Sunday, June 24, 2012

NYT: "Farewell to Chocolate City" by Bloomingdale resident Natalie Hopkinson

See this New York Times opinion piece by Bloomingdale resident Natalie Hopkinson.

Farewell to Chocolate City
Published: June 23, 2012

``NOW, I`m not proud of what I did,`` my friend Donna said the other day, her voice
dropping to a low, confessional register.

Donna is black, in her late 40s and a graphic designer. Three generations of her
family owned a Victorian row house in Washington until a probate dispute a while
back forced them to rent in the Maryland suburbs.
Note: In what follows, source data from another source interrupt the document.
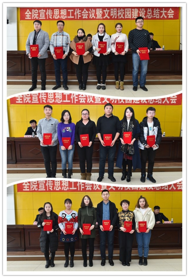 学院党委书记刘吉成发表题为《与党同心 与国同运 让习近平新时代中国特色社会主义思想在齐医落地生根》的讲话。他代表学院党委向获奖的集体和个人表示热烈祝贺,并就进一步做好新形势下全院宣传思想工作和文明校园建设提出四点意见:一是不断加强宣传思想工作,进一步推动习近平新时代中国特色社会主义思想落到实处;二是提高政治站位,进一步建设和管理好意识形态工作的宣传思想文化阵地;三是强化新闻舆论引导,进一步凝聚助推齐医振兴发展的新动力;四是培育和践行社会主义核心价值观,进一步彰显文明校园建设新气象。他强调,作为高等教育的建设者,广大教职员工要以昂扬向上的精神状态和求真务实的工作作风,乘势而上、顺势而为、应势而动,不断开创新局面,实现新发展,步入新境界,为实现“齐医梦”、“中国梦”做出新的更大的贡献!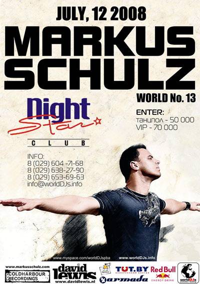 12 июля 2008 года в клубе «Night Star» состоится долгожданное и единственное выступление DJ Маркуса Шульца в Беларуси. Впервые этот мастер представит свой специальный сет для белорусских клабберов.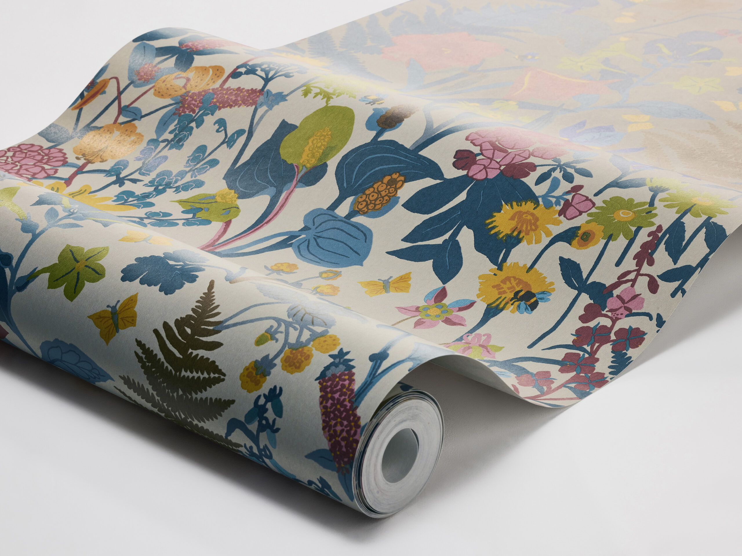 Textilkonstnären Gocken Jobs ritade sitt livfulla mönster Stugrabatt med inspiration från sin brors trädgård och sina egna blomskisser från Italien. Bjärta toner av gult, grönt, orange, rött och rosa i ett bladverk i grått, blått och brunt. Just färgskalan gör detta prunkande blommönster helt unikt – det innehåller 25 färger! Nu trycker vi Gocken Jobs färgglada Stugrabatt från 1951 som tapet. Här på linnebeige botten, likt det original som än i dag trycks på textil av Jobs Handtryck i Leksand.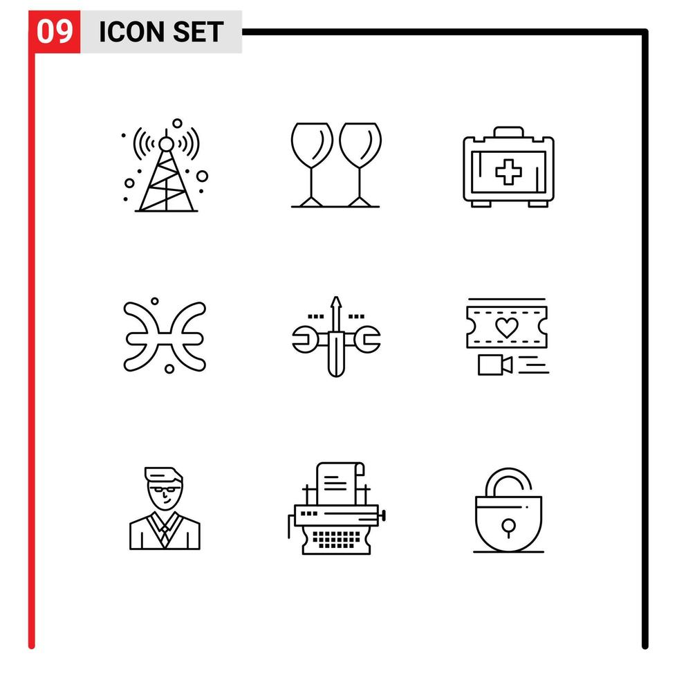 Universal Icon Symbols Group of 9 Modern Outlines of toolings computing health bag cloud pisces Editable Vector Design Elements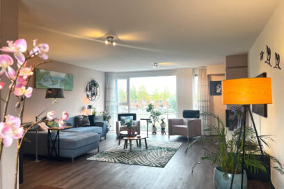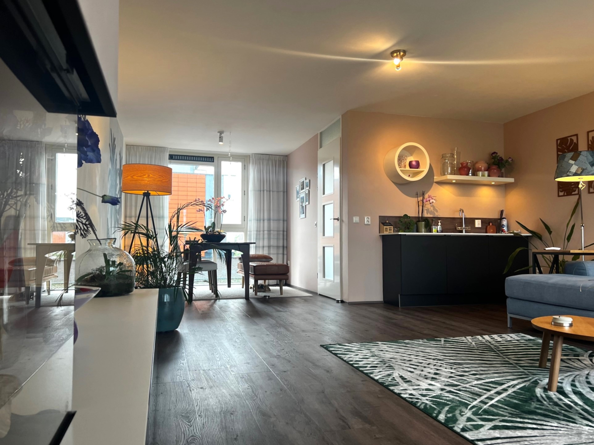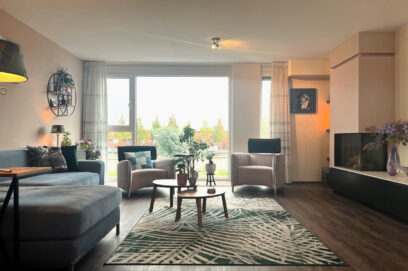 De gehele eerste verdieping is in gebruik als woonkamer. Ramen van vloer tot plafond zorgen hier voor een mooi uitzicht en fijne lichtinval. Er is voorzien in een fraaie gashaard en zelfs in een extra kitchenette met onder andere een kokend water kraan. Hoge kwaliteit meubels en inrichting zijn gebruikt, onder meer van Leolux, Samsung The Frame, etc.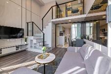 ว่างให้เช่า ห้อง Duplex เพดานสูง ตกแต่งครบ พร้อมอยู่KnightsBridge Space Rachayothin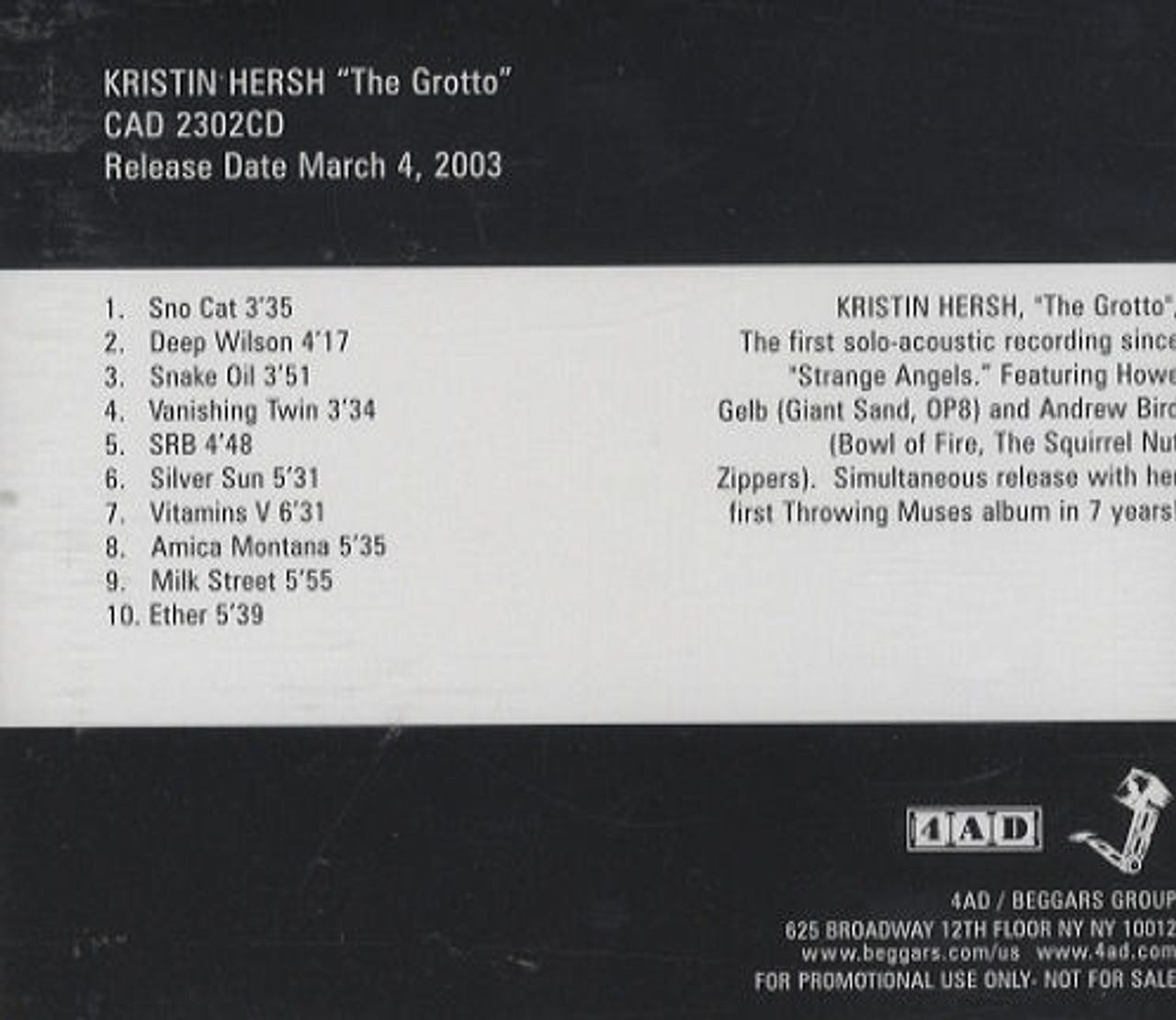 KRISTIN HERSH The Grotto (2003 US 10-track 4AD label advance

Driving home from work in the
city recently, she took a shortcut through the alley where she frolicked in her
youth, but which she now barely recognized, with its three-story decks and Zen
gardens that led onto sidewalks freshly paved in red brick.
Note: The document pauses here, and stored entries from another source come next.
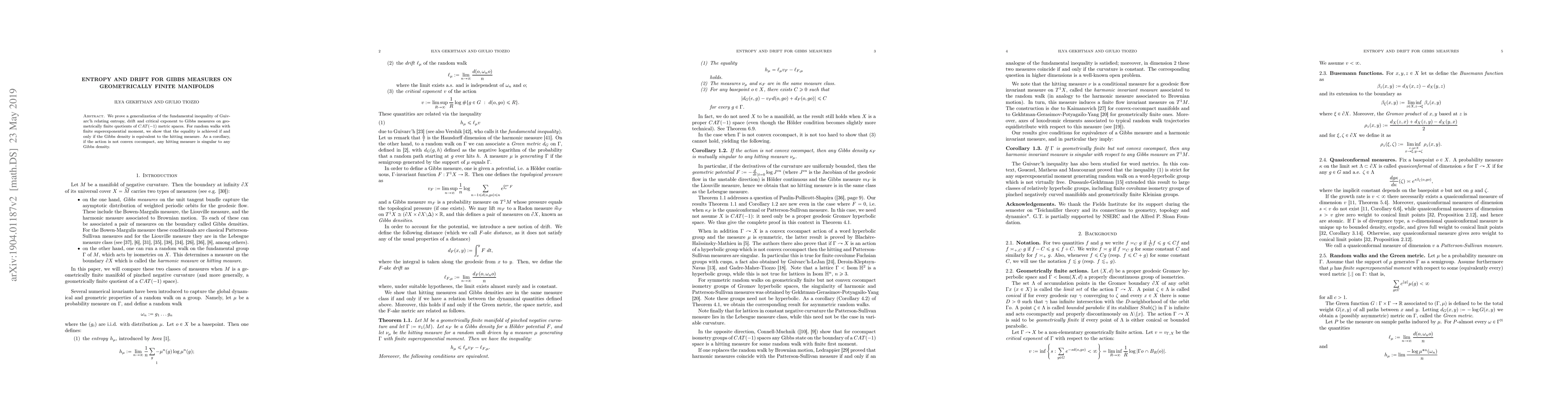 This paper generalizes Guivarc'h's inequality for entropy, drift, and critical exponent in relation to Gibbs measures on geometrically finite quotients of CAT(-1) spaces. It demonstrates that equality in this inequality holds if and only if the Gibbs density is equivalent to the hitting measure, with a corollary showing that non-convex cocompact actions result in singular hitting measures relative to Gibbs densities.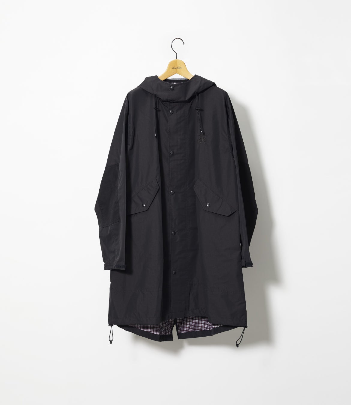 ブルックス ブラザーズの定番的アイテム、モッズコートもJUNYA WATANABE MANのオリジナルパターンで仕上げています。左胸に配したゴールデン フリース刺繍やエルボーパッチをあしらいカスタマイズ。3層ラミネート加工を施したナイロン素材を採用し、背面上部と裾にタータンチェックの裏地をあしらっているのも特徴です。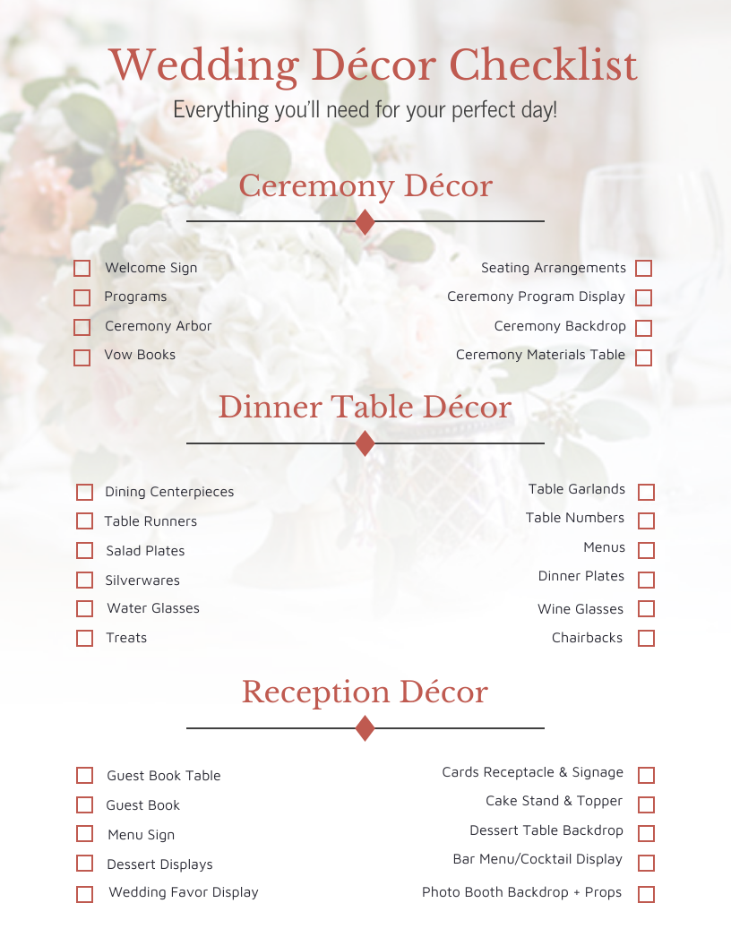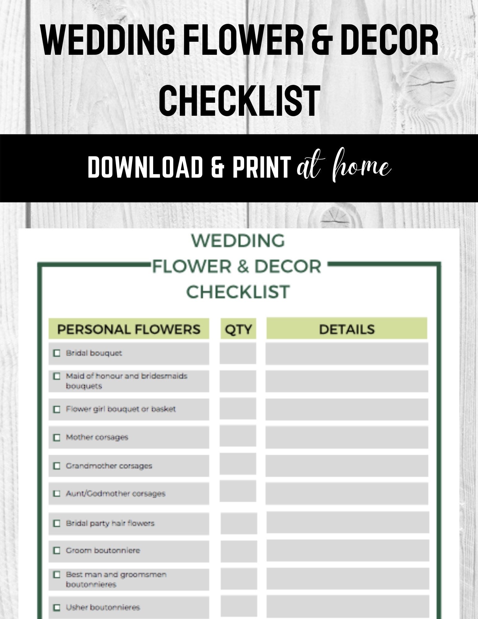 Wedding Flower U0026 Decor Checklist Green EtsyWedding Flower U0026 Decor Checklist Green Etsy

Donna tooted the horn at a parked car blocking her path. The car`s owner, a white
woman, dawdled away in her garden nearby. With a blithe wave, the woman
suggested a detour. Donna refused. She intended to wait her out, but then the
words just tumbled out: ``If you didn`t want to follow the rules, you shouldn`t
have moved your white`` ~ and here she used an expletive ~ ``into D.C.!``

This is the rage, long simmering just beneath the surface, that is bubbling over now
that Washington, the once-majority-black city immortalized in George Clinton`s
1975 funk classic ``Chocolate City,`` has lost its black majority. But even
before the data corroborated (
that demographic milestone last year, Washington`s
makeover had created something of an identity crisis.
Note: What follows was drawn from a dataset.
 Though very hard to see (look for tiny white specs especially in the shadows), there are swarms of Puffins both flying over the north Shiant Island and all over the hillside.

Ever since Washington was carved from two slaveholding states in 1791, it has been a
special place for black Americans. Lincoln freed the slaves in Washington about
nine months before the Emancipation Proclamation, prompting blacks from the
region to flock here. It was the birthplace of Duke Ellington and home to other
artists like Zora Neale Hurston and Sterling Allen Brown, who later fueled the
Harlem Renaissance. By 1957, blacks had become the majority of the city`s
residents, exceeding numbers in any major city in the United States. Ever since
Walter E. Washington was appointed mayor by Lyndon B. Johnson in 1967, the city
has been led by black politicians and shaped by black institutions. This has
fostered a sense of black privilege, swagger and, yes, the hubris that comes
with leadership.

For the past half-century, the city`s black majority has also yielded a distinct
culture. But in the midst of gentrification that is now fading fast. Last
month, hundreds of mourners streamed into the Howard Theater to say goodbye to
the late guitarist Chuck Brown, the godfather of go-go music, perhaps the city`s
only indigenous art form. The music that Mr. Brown created was once ubiquitous
here, but most newcomers today have never heard it.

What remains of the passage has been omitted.